Some reports have used photo-electrolysis as the mean and corresponding catalysts systems to achieve sustainable hydrogen production from brine water. These literatures though report similar targets, but the achievable margins are different in each case.

The Publication Kuang et. al., "Solar-driven, highly sustained splitting of seawater into hydrogen and oxygen fuels", PNAS April 2, 2019, 116 (14) 6624-6629 (https://doi.org/10.1073/pnas.1900556116) discloses a Ni-sulfide based catalyst system utilized for photo electrolysis of sea water.
The Publication Luo Yu et. al., "Hydrogen Generation from Seawater Electrolysis
over a Sandwich-like NiCoN|NixP|NiCoN Microsheet Array Catalyst", ACS
Energy Lett. 2020, 5, 8, 2681-2689
(https://doi.org/10.1021/acsenergylett.0c01244) discloses NiCON and NixP based sandwiched array utilized for sea water electrolysis that produced 10 mA/cm"2 current density at 165 mV.
The Publication Soren Dresp et.al., "Direct Electrolytic Splitting of Seawater: Opportunities and Challenges", ACS Energy Lett. 2019, 4, 4, 933-942 (https://doi.org/10.1021/acsenergylett.9b00220) discloses a review that enlightens the issues associated with electrolysis of sea water.
The Publication Wenming Tong et. al., "Electrolysis of low-grade and saline surface water", Nature Energy, Volume 5, pages 367-377 (2020) (https://doi.org/10.1038/s41560-021-00851-4) discusses the type of catalyst systems those may be useful for directly electrolyzing sea water with reference to low cost metals and the non-metal doping such as nitride, sulphide and phosphide.
The reported catalysts so far have not been successful to directly electrolyze sea water for a long duration. The existing catalysts are also known to generate low current density in sea water electrolyte.
The companies especially working towards commercialization of electrolysers and production of H2 are i.e. for example various oil & gas domain public sector and private sector companies.

Though, electrolysis is an established procedure, and a number of catalysts systems are available in literature exhibiting a broad range of efficiency, the electrolysis of sea water or low-grade water possessing various salts and ions are still under explored.
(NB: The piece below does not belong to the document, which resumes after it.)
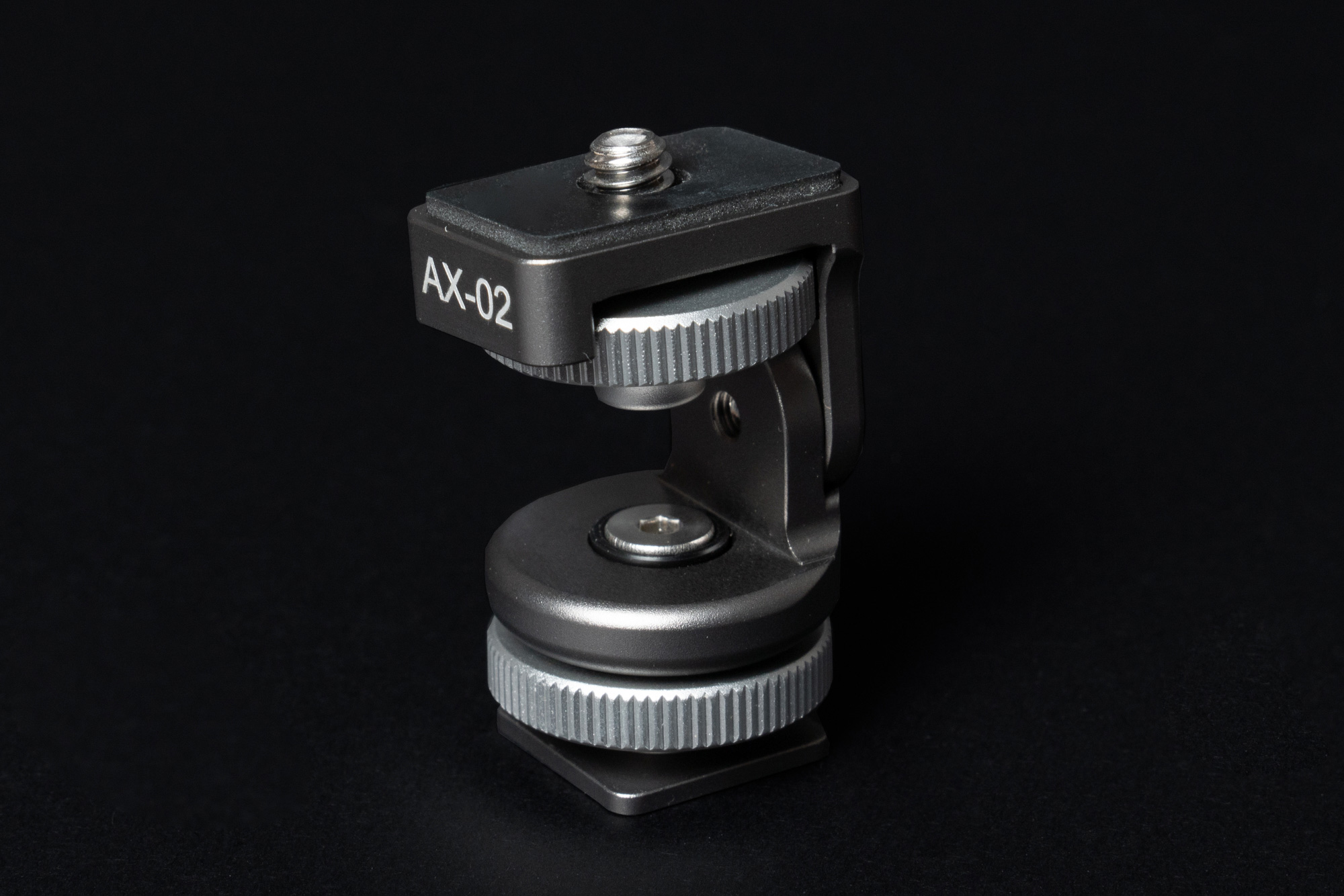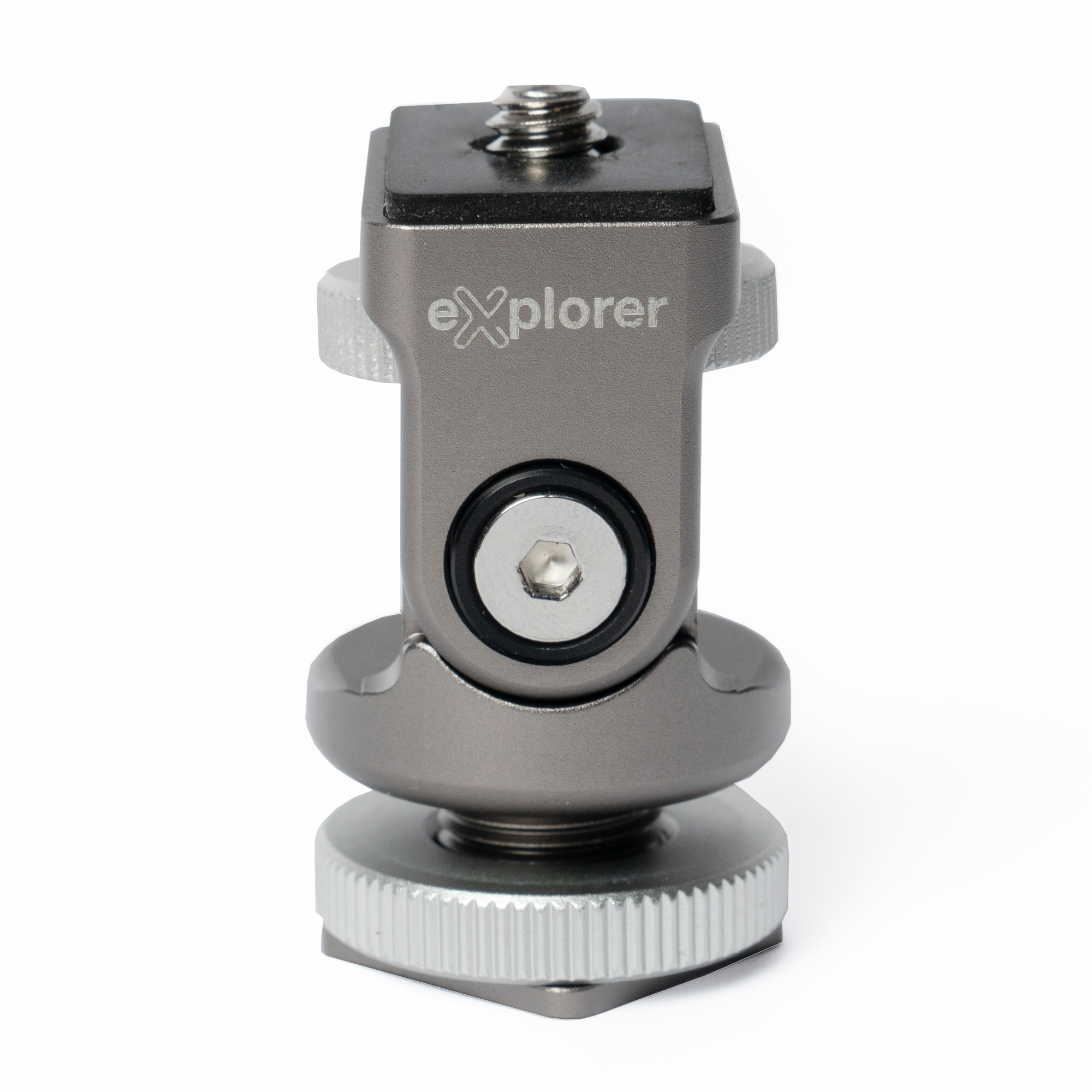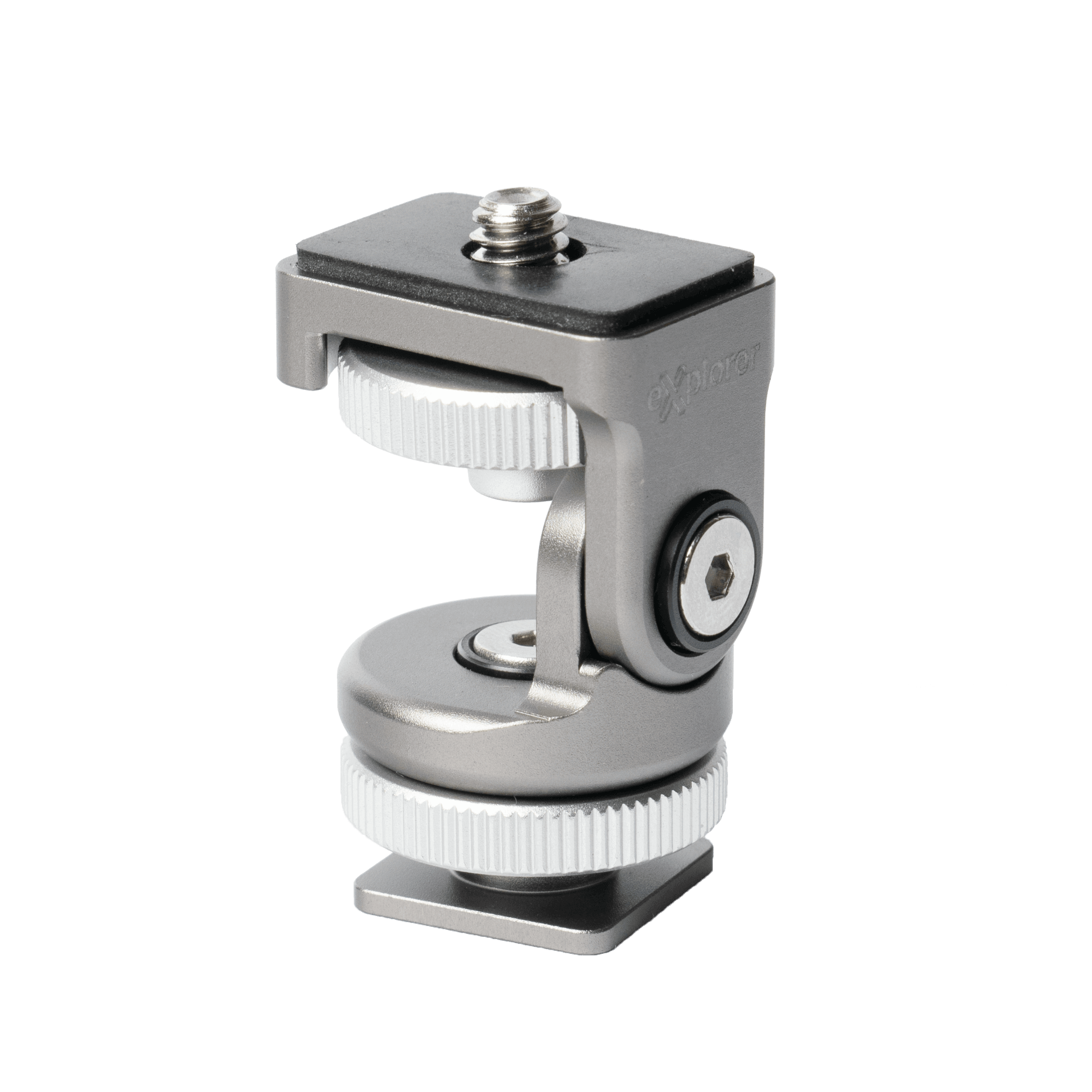 The Explorer AX-02 Aura Explorer Mini Tilt-Head is a shoe mount designed to be used with hot or cold shoes allowing accessories such as LED light panels, microphones, and more to be mounted to a camera, video setup, quick release plate, or a small tabletop tripod. The Explorer AX-02 Aura Explorer Mini Tilt-Head has a max load capacity of 2kg (4.4lbs) and includes a 1/4″ bottom mount crew thread in addition to the shoe mount. The AX-02 allows the mounted accessory to tilt up and down with friction adjustments made according to weight load with the included hex key wrench. The Explorer Mini Tilt-Head is very lightweight at only 36g and is made with a high-quality aluminum alloy construction with an anodized finish for durability.

The reason being the concurrent chlorine evolution reactions and catalyst degradation or deactivation. For example, presence of Mg salt in the electrolyte is known to get deposited on the electrode surface during electrolysis and ceases the activity of catalyst. Similarly, the chloride ions are known to migrate towards the anode surface during electrolysis and corrode the surface and notably decrease the lifetime of catalyst. Therefore, current commercial units use a preliminary unit to separate the salts before allowing the electrolyte to enter into the electrolysis chamber, which adds to the cost of electrolysis and hydrogen produced.
Most of the known electrocatalysts are unable to sustainably carry out electrolysis of sea water since CER (chlorine evolution reaction) interferes with the OER (oxygen evolution reaction) and the hydroxide deposition deactivates the catalyst.
Inventors of the present invention have developed a selective nanocatalyst system that is able to catalyse OER and not CER up to a reasonably high potential. The present inventors have also used a protective coating that prevents the migration of chloride ion towards the surface and prolonged the catalyst life. Overall, the electrode is capable of sustainably carrying out electrolysis of sea water at high current density for a very long period.
Therefore, problem(s) being solved by the present invention is that it provides direct sustainable electrolysis of sea water at high current density.
The present invention discloses a novel catalyst design having low cost, is sustainable and easily synthesized.

OBJECTS OF THE INVENTION:
The principal object of present invention is to provide a modified bi-functional electrode comprising metal nitride based nanocatalyst with protective conductive CN-coating for electrocatalysis.
Another object of the invention is to provide modification of electrodes with OER selective nanocatalyst followed by a conducting CN coating.
Another object of the invention is to provide a novel method of synthesis of a modified bi-functional electrode.
Another object of the invention is to provide a novel catalyst composition comprising said catalyst.
Another object of the invention is to provide a process for synthesis of nanocatalyst.
SUMMARY OF THE INVENTION:
In one aspect, the present invention discloses a modified bi-functional electrode comprising metal nitride based nanocatalyst with protective conductive CN-coating for electrocatalysis.
The said electrode comprises a selective nanocatalyst system that is able to catalyse OER and not CER up to a reasonably high potential.
The said electrode is active in the temperature range 0 to 80°C and all basic pH conditions.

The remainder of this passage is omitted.